What is expected - The answer must consist solely of the lines from the one with "Его партнёры также" through the last line of the data, copied exactly, with no pictures.

[Extracted entries — start]

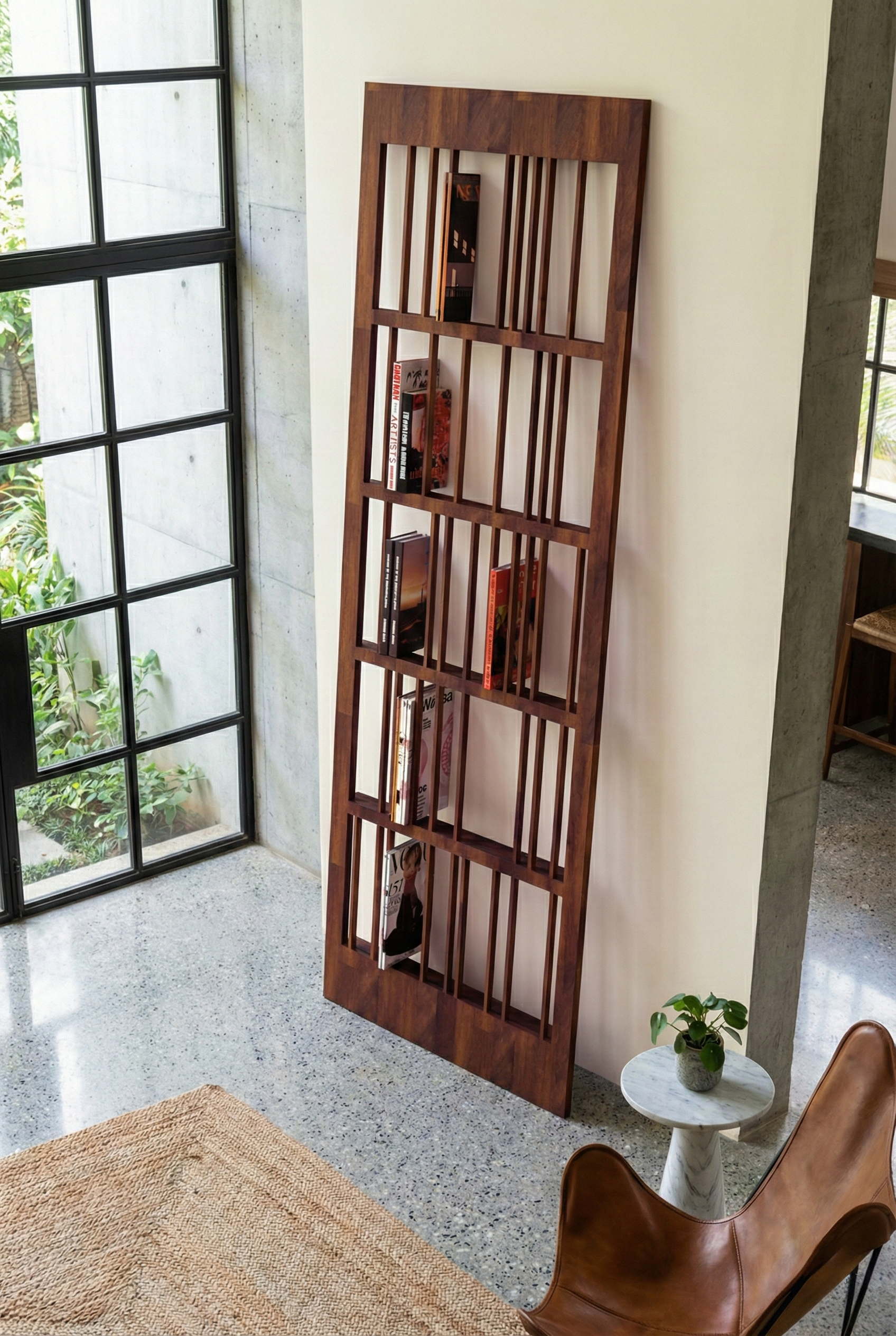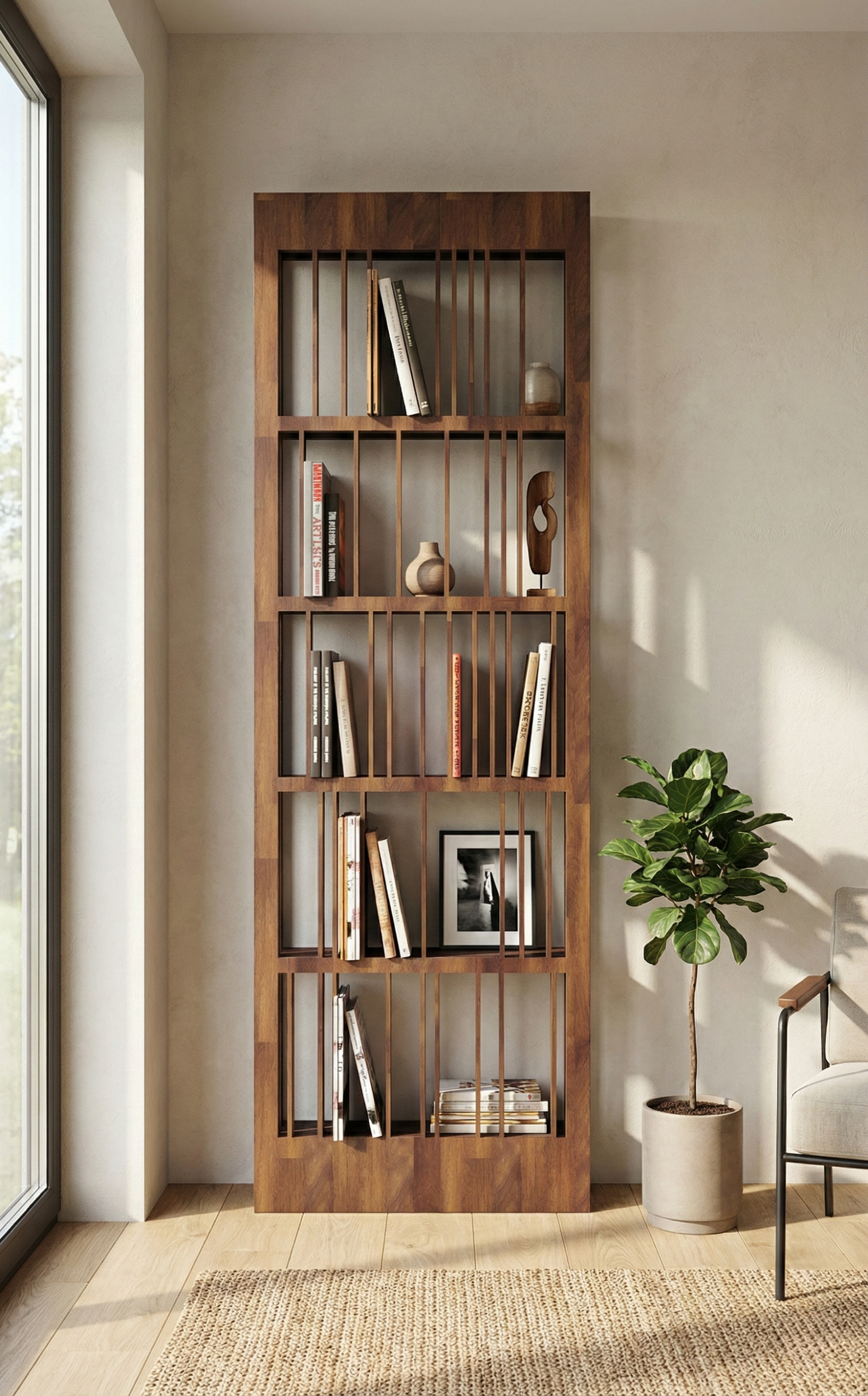 Dure, klasik depolama anlayışını bir kenara bırakıp, kitaplığı bir “duvar heykeli” olarak yeniden yorumluyor. Tasarımın özünü oluşturan dikey masif iroko çıtalar, tıpkı bir barkod veya müzik notası gibi belirli bir ritimle sıralanmıştır. Bu asimetrik dizilim, arkasına yerleştirdiğiniz kitapların kapaklarıyla birleştiğinde, her kullanımda değişen dinamik bir tablo ortaya çıkarır.
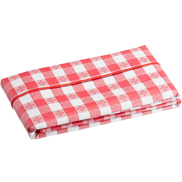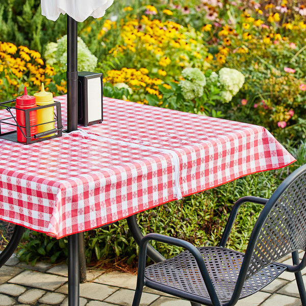Perfect for outdoor decks, poolside cabanas, or casual catered events, this Choice red textured gingham vinyl table cover provides a classic look for any event!
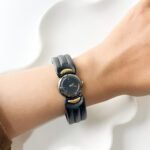 The watch wraps around the wrist with the supple, authoritative grip of a leather cuff, its dark Obsidian textures meeting the cool, smooth touch of polished gunmetal. As the arm moves, the Aurum-hued accents at the lugs catch the light like a brief flash of late sun against a night sky. It is a piece that prioritizes presence and silhouette, turning the simple act of checking the time into a tactile, sensory experience that feels both modern and deeply rooted in personal style.
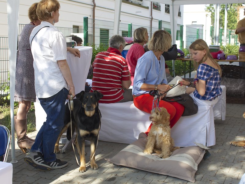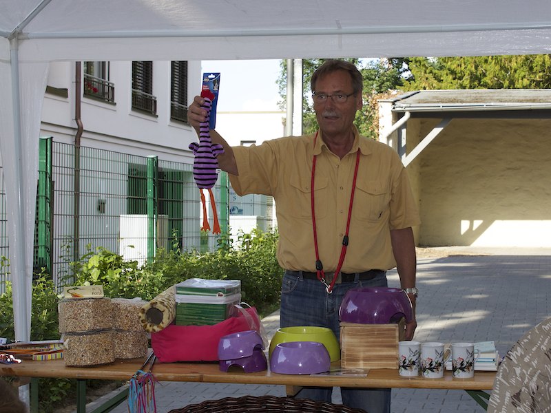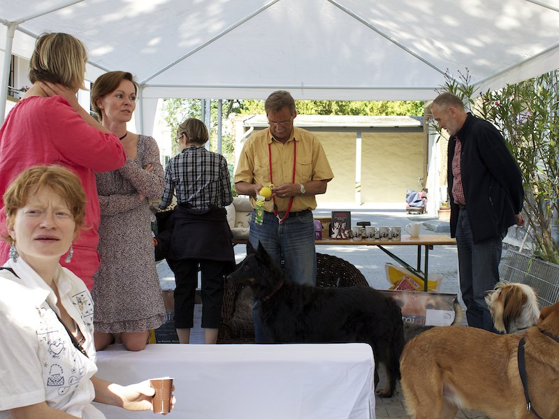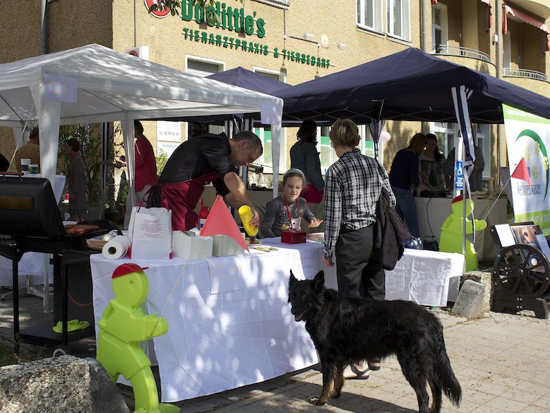 Besonders eifrig war unser kleiner grauer Schnauzer Herr Lehmann. Gemeinsam mit seinem Herrchen leitete er eine Auktion zugunsten unseres Tierheimes. Doolittle's hatte wunderschöne Preise dafür gestiftet sowie einen Kuchenbasar organisiert. So konnte unser Tierheimleiter mit einem dicken Umschlag ins Tierheim zurückkehren.
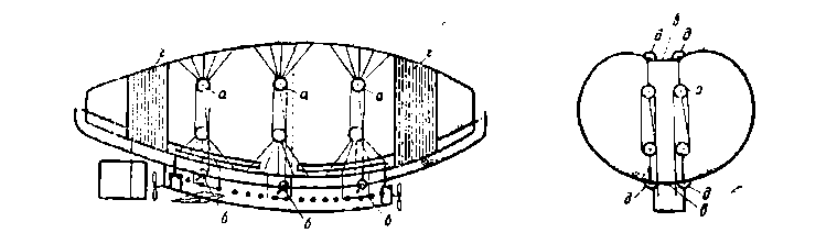 Схема цельнометаллического дирижабля Циолковского в продольном и поперечном разрезах.
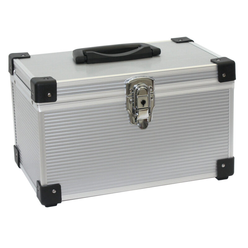 Store all your valuable CD and DVD’s in this high strength aluminium CD box that will hold up to 200 discs – silver lined effect with black protective corners and black handle.
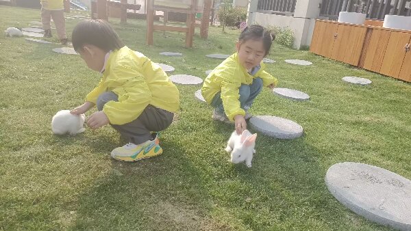 好玩的草坪:我們興奮地奔向草坪,小兔子在這里等著我們呢!
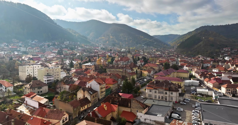 Video Aerial drone view of the city center of Brasov in south-eastern Transylvania, Romania surrounded by mountains Royalty Free Stock Video Footage
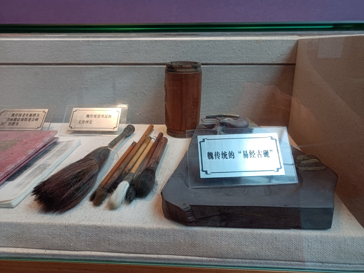魏传统家不富裕,其父魏龙德是当地的私塾老师,他从小就跟着父亲读书写字,练得一手好书。据传,魏传统10多岁时,周围的人家都会来找他写对联、家信、契约等。在陈列馆中,展陈着魏传统曾经使用过的笔墨纸砚和书法作品,这位曾留下大量书法作品的军事艺术家,用笔墨彰显革命风骨。
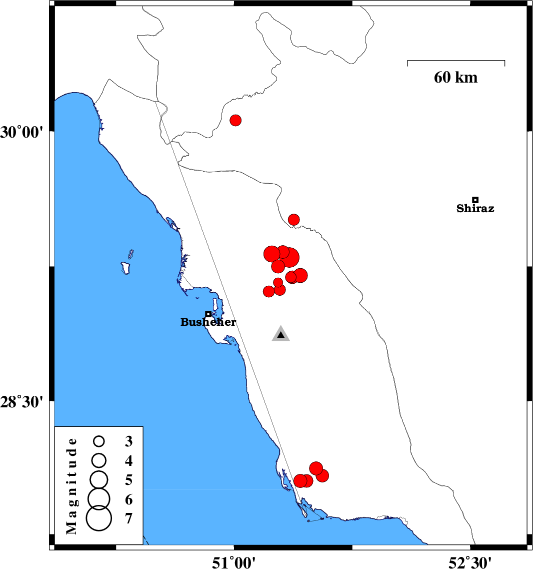| 2013/11/29 | 07:43:15.0 | 11:13:15.0 | 28.05 | 51.46 | 30 | ML3.6 | Bushehr Province, 68 km South of Khormog | ||
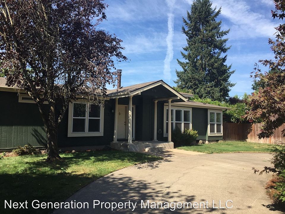 Beautifully landscaped, spacious home near bike path and river! - A rare find! A lovely, well maintained, 4 bedroom 2.5 bathroom home! This is a great house with tons of space! Formal living room off of the spacious entry, leads into a formal dining room. The kitchen is loaded with cabinet space, lots of counters, kitchen island and walk-in pantry. The kitchen overlooks the family room, with vaulted ceilings, fireplace, and french doors to the back yard. There is a half bath and laundry room with another door to the back deck. Three good sized bedrooms and another full bath are found at the end of the hallway. The large master bedroom has a slider to the back deck and an attached en-suite. Master bath has walk-in closet, soaker tub, dual sink vanity, shower and separate water-closet for the toilet. Lots of windows, high ceilings and skylights bring a lot of natural light to this home! Beautiful bamboo wood flooring throughout the majority of the living space. Heat pump for heating/AC. The living space is extended out into the back yard, with a large deck and stamped concrete patios. There's raised garden beds, and a detached double car garage with car access from the alley. Circular driveway in front yard. Dogs accepted with additional security deposit and pet rent. Two dog limit. Walking distance to Willamalane playground, bike paths and river. This house is a must see! Call today for our showing, or visit our website for more information and to apply. No Cats Allowed (RLNE3543178)
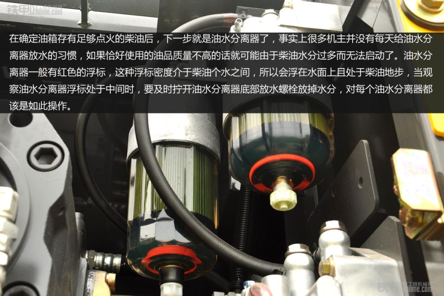 在確定油箱存有足夠點火的柴油後,下一步就是油水分離器了,事實上很多機主並沒有每天給油水分離器放水的習慣,如果恰好使用的油品質量不高的話就可能由於柴油水分過多而無法啟動了。油水分離器一般有紅色的浮標,這種浮標密度介於柴油個水之間,所以會浮在水麵上且處於柴油地步,當觀察油水分離器浮標處於中間時,要及時擰開油水分離器底部放水螺栓放掉水分,對每個油水分離器都該是如此操作。
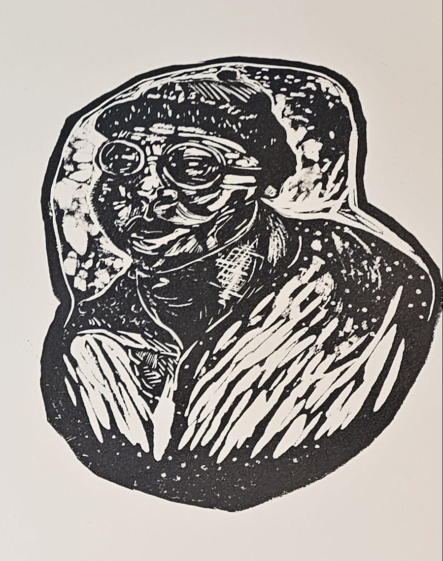9 x 8 inches (image size), linocut print on paper, limited edition of 10 -- unframed
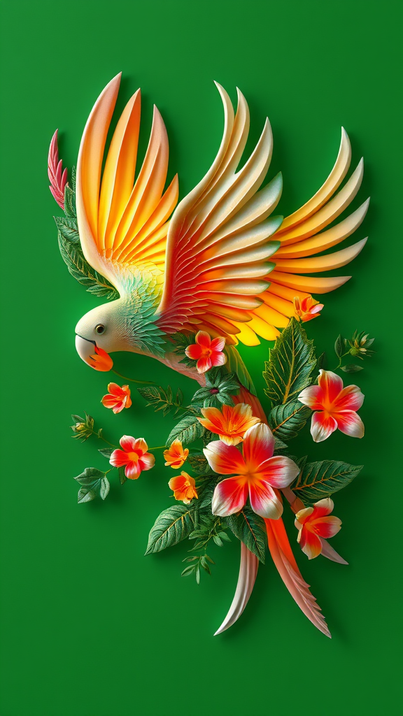 Abstract 3D form of a parrot soaring gracefully, interwoven with lush foliage and vibrant flowers, emitting a gentle glow, set against a rich emerald backdrop.
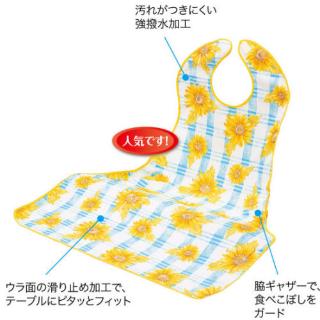 ●表地は汚れがつきにくく、落としやすい強撥水加工、裏面は安心の防水加工です。 ●ロング、幅広サイズでトレイもゆったり、さらに両側にギャザ-が付いているため食べこぼしをしっかりキャッチし衣服を汚しません。 ●素材はポリエステルシフォンで適度に張りがあり、手のひらに心地よく身体にまとわりつきません。 ●防水素材のためお洗濯後脱水の必要はありません。 ●首まわりのサイズ調整ができるマジックテープ付き。
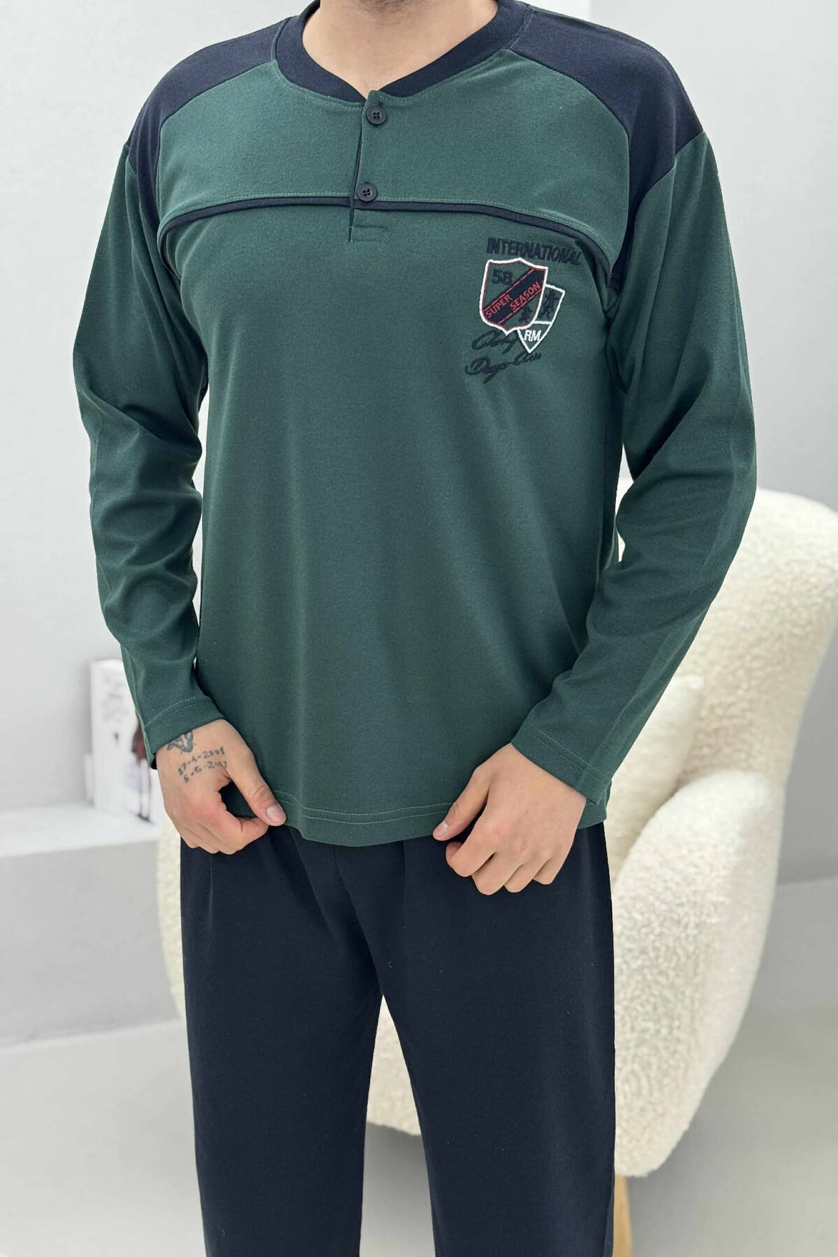 PIZHAME BLUZË ME BUTONA+TUTA PËR MESHKUJ NË NGJYRË JESHILE
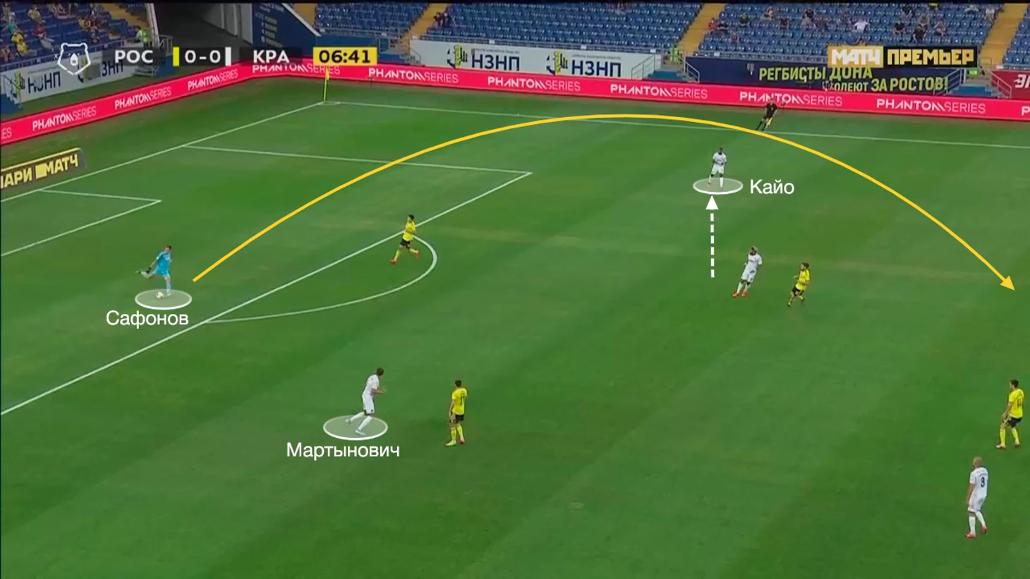 Его партнёры также не подстраивались под короткий розыгрыш после паса назад. Особенно это было заметно по действиям Мартыновича. Кайо зачастую уходил в ширину.
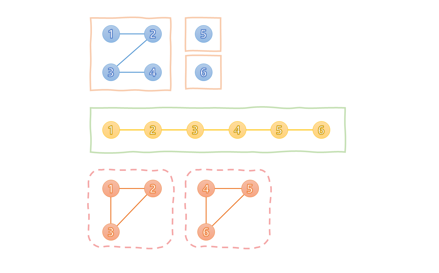 단, 주의해야하는 점은 예제로 주어진 입력과 같이 주어지는 간선정보에 포함되지 않은, 다른 노드와 연결되지 않은 노드들도 존재한다는 것이며 이런 노드들도 각각 노드가 하나인 트리로 카운트해주어야 한다는 점이다.

[Extracted entries — finish]

Task answer -
 Его партнёры также не подстраивались под короткий розыгрыш после паса назад. Особенно это было заметно по действиям Мартыновича. Кайо зачастую уходил в ширину.
 단, 주의해야하는 점은 예제로 주어진 입력과 같이 주어지는 간선정보에 포함되지 않은, 다른 노드와 연결되지 않은 노드들도 존재한다는 것이며 이런 노드들도 각각 노드가 하나인 트리로 카운트해주어야 한다는 점이다.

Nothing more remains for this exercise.